Amended complaint did confer jurisdiction on the DARAB

Neither did the amendment of the complaint confer jurisdiction on the DARAB. The
plaintiffs alleged in the amended complaint that the subject property was previously
tilled by Efren Bernardo, and the respondents took possession by strategy and
stealth, without their knowledge and consent. In the absence of any allegation of a
tenancy relationship between the parties, the action was for recovery of possession
of real property that was within the jurisdiction of the regular courts. [42]
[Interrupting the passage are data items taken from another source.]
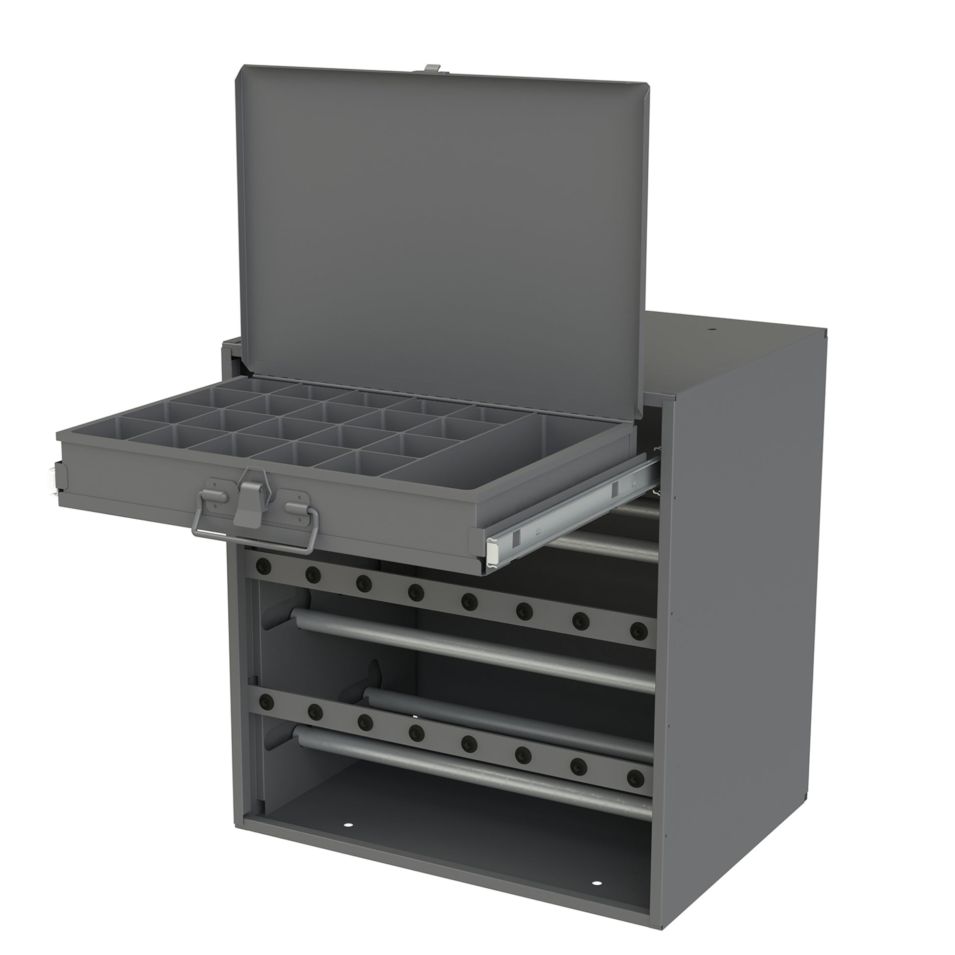 Wire and Terminal Storage Cabinet, 6 rods, 20 Compartments, 16 Rubberized Grommets, Gray
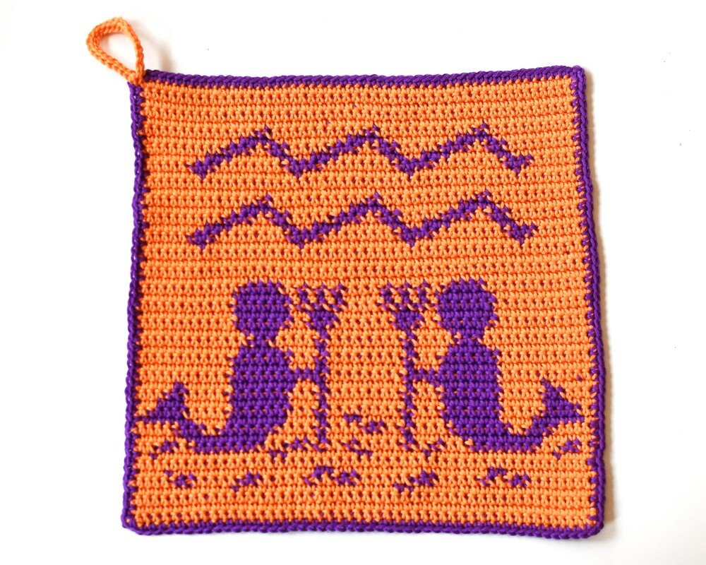 The cloths / potholders are worked in Tapestry Crochet. The pattern includes a very detailed basic course for the Tapestry Crochet Technique, which is quite easy to learn.
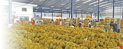 在位于泰國尖竹汶府的優(yōu)果東明水果廠,經(jīng)過分揀和清潔處理的榴蓮按品級(jí)分類整齊堆放、等待裝箱。本報(bào)記者 白元琪攝
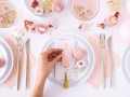The place cards are made of paper in pink colour with gold metallic print and a gold tassel.
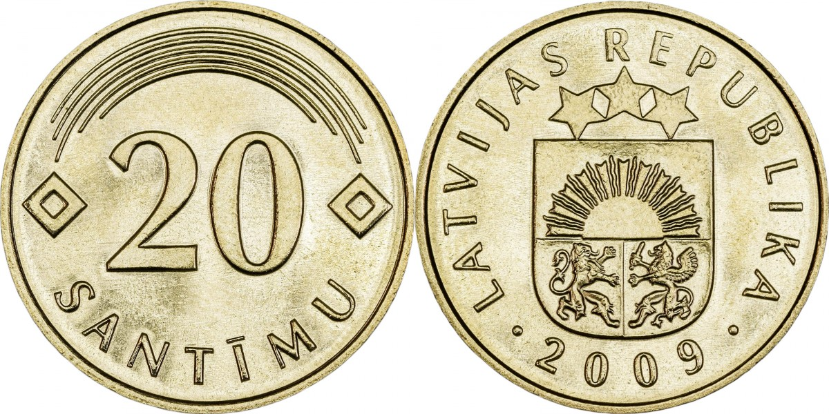 Латвия 20 сантимов, 1992 - 2009 Герб XF
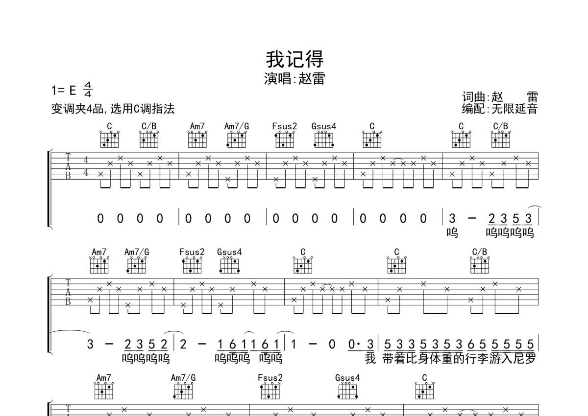 《我记得》是赵雷演唱的一首歌曲,拍号为4/4拍,歌曲原调为E调,但由于原调指法比较难,为了方便弹奏,本吉他谱采用的是C调指法编配,变调夹4品弹奏即为原调,当然也可以根据自己的音域改变变调夹位置,或者通过改变和弦调性,以方便自己弹奏,这份吉他谱共有四张高清图谱,图谱由 @无限延音 编配上传,图谱使用六线谱编配,包含吉他和弦指法、简谱以及歌词部分,使用这份我记得吉他谱,可以让你更加方便地掌握这首歌曲的弹唱技巧,快来尝试吧。
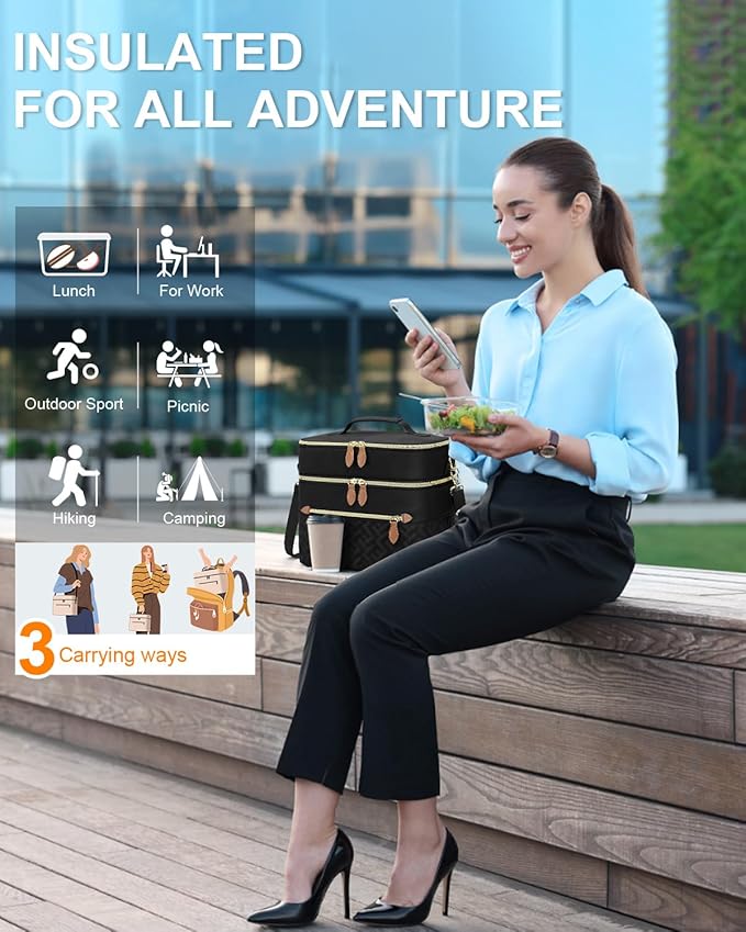 Capolo Lunch Box for Women Men Adults,Double Deck Insulated Lunch Bag Leakproof Lunch Cooler Box with Removable Strap Lunch Tote Bags Reusable Thermal Lunchbox for School Work Picnic(Large,Black)
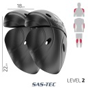 SC-1/81 to protektory 3D wykonane z miękkiej elastycznej pianki Visco o doskonałych wartościach niwelujących wstrząsy, siła resztkowa poniżej 15kN (norma: poziom 2:20kN). Otwory wentylacyjne sprawiają, że idealnie nadaje się do oddychającej odzieży tekstylnej.
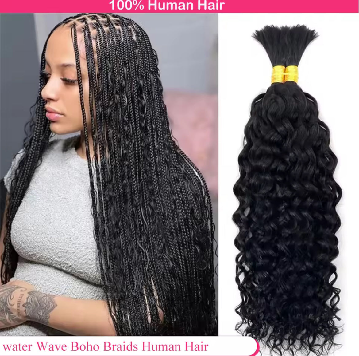 Human Bulk Braiding Hair (no weft)-Virgin Brazilian Deep Wave 18in (2)bundle-
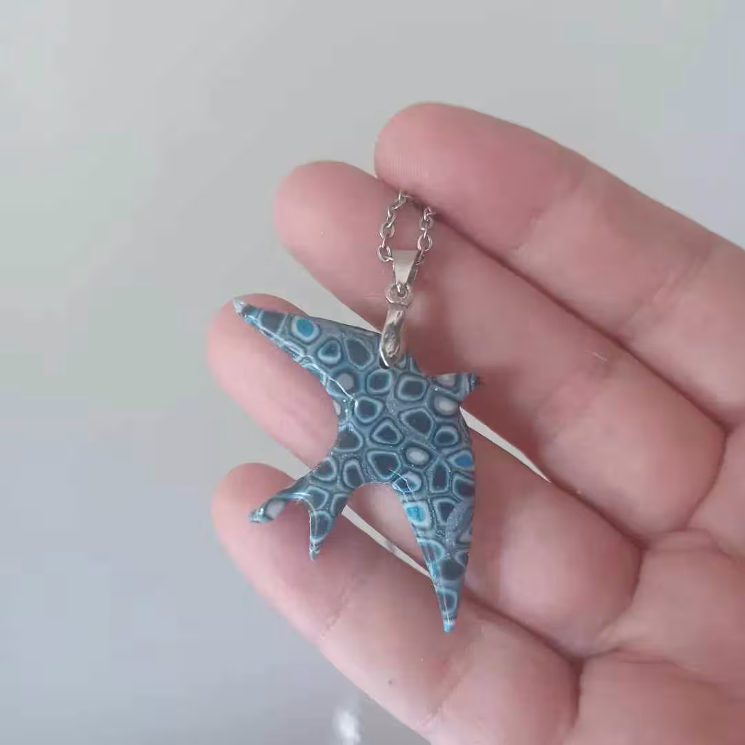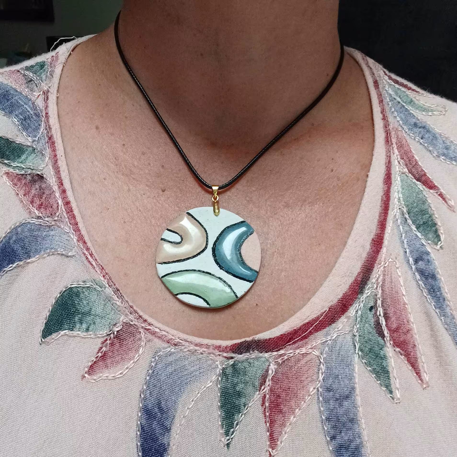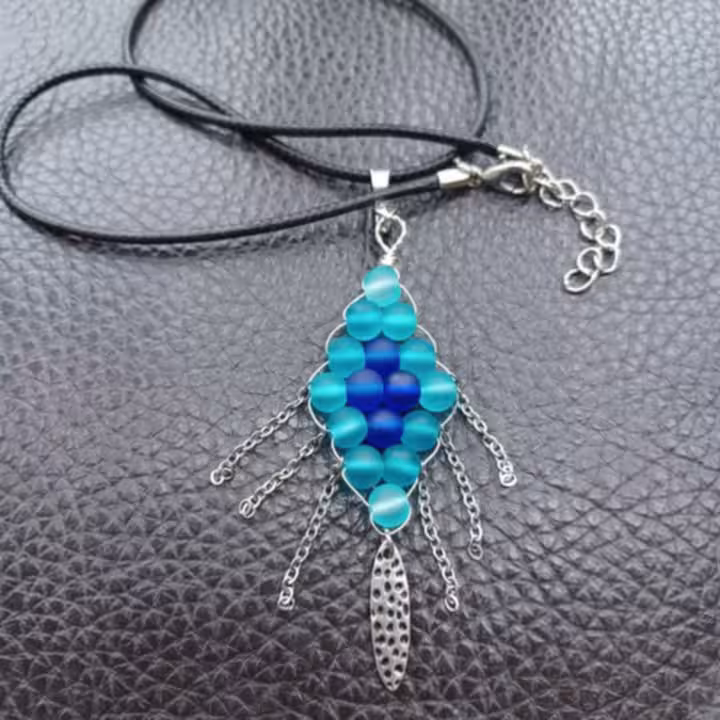 Pendentif bleu en verre fusionné fait à la main avec collier
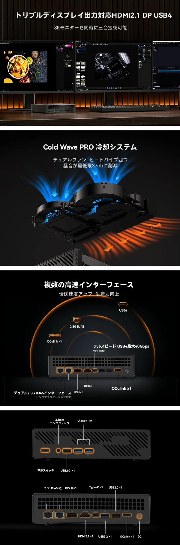 - ビデオ出力 3画面出力 HDMI2.1 ×1;DP×1;Type-C ×1(USB4)
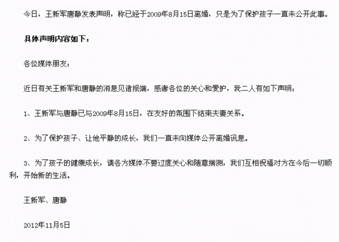 直到王新军和前妻唐静公开声明,证实双方已经在2009年离婚,只是为了孩子没有将离婚的事情公布,这才让秦海璐远离了流言蜚语。
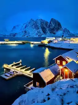 📌 Lofoten: Reine fishing village red cabins + snowy mountain background aurora
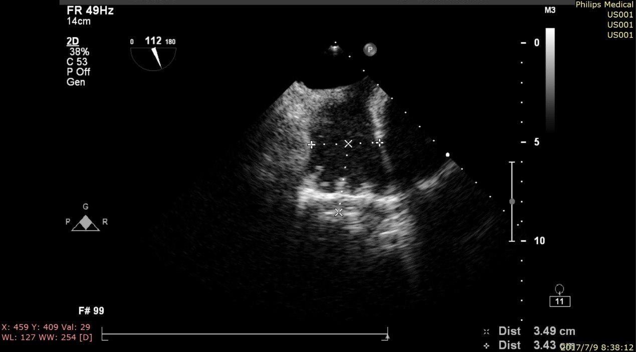 术后TEE各个角度检查,患者左心耳封堵完全,无残余分流,对二尖瓣及左上肺动脉均无影响
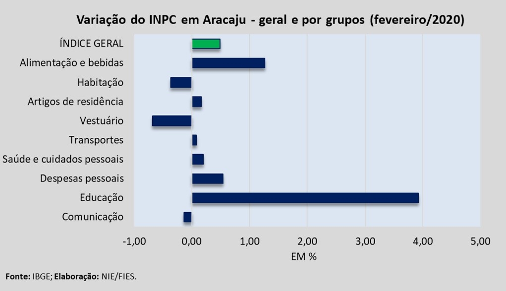 Dentre os nove grupos de produtos e serviços que foram pesquisados para medir o comportamento dos preços, em Aracaju, verificou-se que assinalaram aumento nos preços, no período analisado, os grupos de Educação (+4,36%), Alimentação e bebidas (+1,40%), Saúde e cuidados pessoais (+0,38%), Despesas pessoais (+0,22%) e Artigos de residência (+0,17%). ![]()

The CA, therefore, committed no reversible error in setting aside the DARAB
decision. While we lament the lapse of time this forcible entry case has been
pending resolution, we are not in a position to resolve the dispute between the
parties since the evidence required in courts is different from that of administrative
agencies.[43]

WHEREFORE, the petition is DENIED. The October 6, 2003 Decision and October
12, 2004 Resolution of the Court of Appeals in CA-G.R. SP No. 48642 are
AFFIRMED. No pronouncement as to costs.